EricoftheNorth: I find it quite interesting that the Nikon got good marks on video. I sell these cameras every day and there is one horrifying detail not mentioned about the Nikon: It *disables* optical stabilization during the video. This is compounded by the fact that this is a CMOS and therefor has a rolling shutter. At wide angle, it is not to big of a deal, but at telephoto (which is the point of these cameras after all), it is ABYSMAL. It looks like bad Flip video. The Nikon P500 suffers the same effect to an even greater degree as it hits ~800mm. The digital stabilizer has essentially no effect on the rolling shutter.
The Sony and Canon both are amazingly stable at long zoom.
I feel that this should seriously be reconsidered as many customers will forgo a video camera in favor of one of these, and at the soccer (football) game or graduation, this is simply unacceptable.
yes, this is noticeable in every sample of the Nikon I have seen online. The HX9V has outstanding video but awful still quality - terrible shame, it would have been an easy pick. It leaves the Canon which unfortunately only has a moderate wide at 28mm, which is frustrating for many uses of a compact. The Panasonic doesn't score it for me either way. It brings up the question - given the computing storage and editing power now available to deliver really first quality video, which is becoming more relevant for compact use - shooting stills or video? A renaissance in home videos on the horizon perhaps?
I found this to be an interesting of four cameras that all have great merits, but none perfect.

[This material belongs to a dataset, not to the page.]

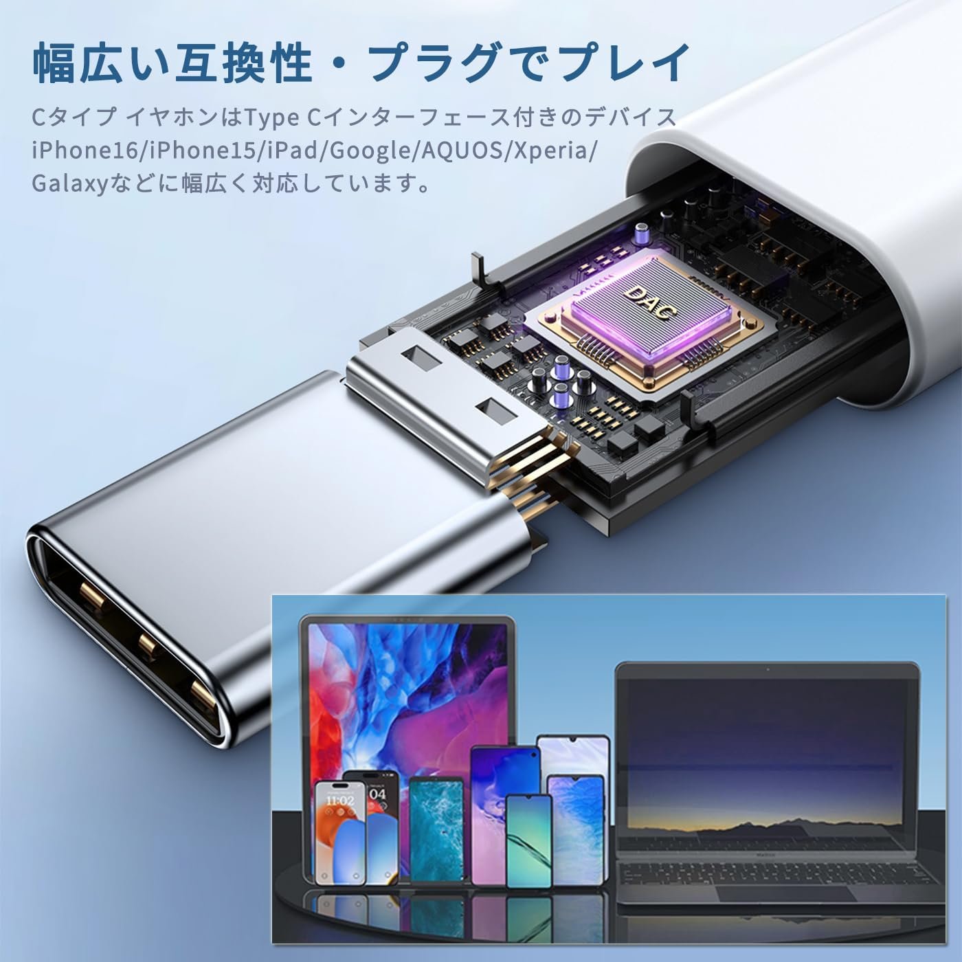 (幅広い互換性と切断)Cタイプのイヤホンは、iPhone 16、iPhone 15、iPad、Google、Aquos、Xperia、Galaxyなど、タイプCインターフェイスを備えた幅広いデバイスと互換性があります。イヤフォンマイクは、高品質の素材で作られており、内側の銅ワイヤと外部銅ワイヤと外部の銅ワイヤと、緊急の強度を確保するために、外部の銅ワイヤと外部の銅ワイヤが確保されています。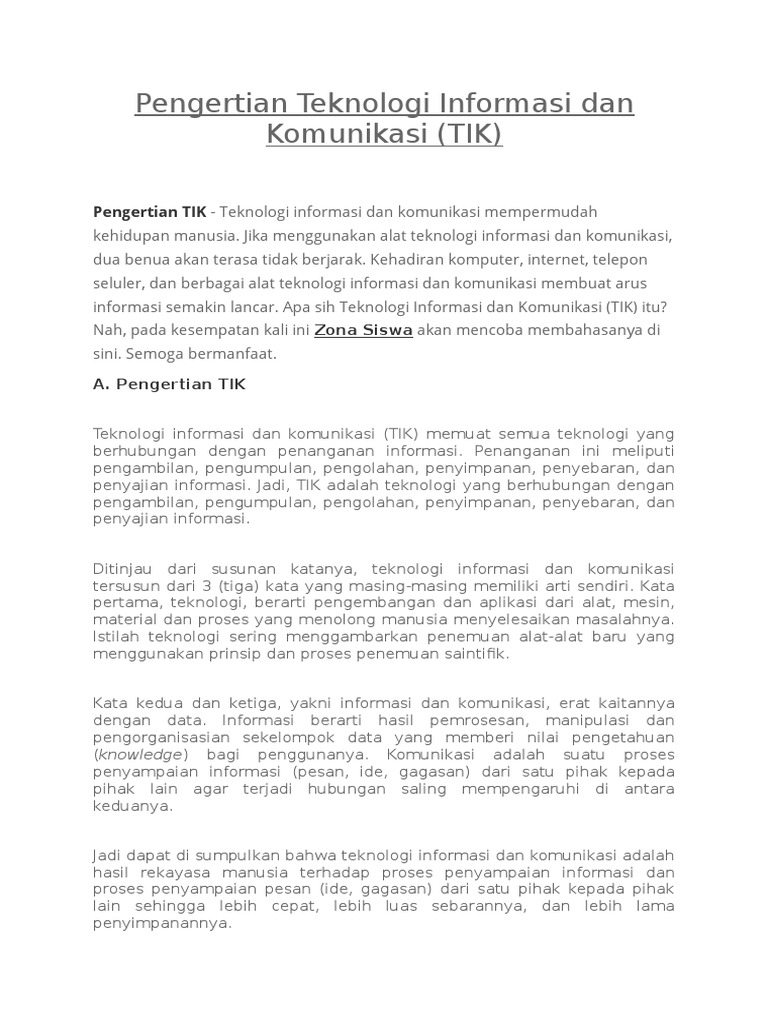 Pengertian Tik Sejarah Manfaat Dan Perkembangan Selamatpagi Id

If the test is about a balance between video and still quality I think I agree with the results. I recently had my Panasonic ZS7 stolen - which I loved - but have decided against the new Panasonic because of Stills IQ. The HX9V seems to have brilliant video - WAY above anyone else's - but smeared stills. The SX230 has good video and good still IQ. same with the S9100. The ability to take good, printable pictures is still fundamental. Its not that I want a compact to be as brilliant as a DSLR ( I shoot professionally with Nikon D700 and D7000), but I do want a portable, unobtrusive, instant and competent device for personal use. If the Canon had a wider lens, The Sony had better Still image IQ, the Nikon more manual control and better VR the choice would have been much harder, but I probably would have gone towards the Sony. As it is I am in agreement and limbo with the judges' verdict.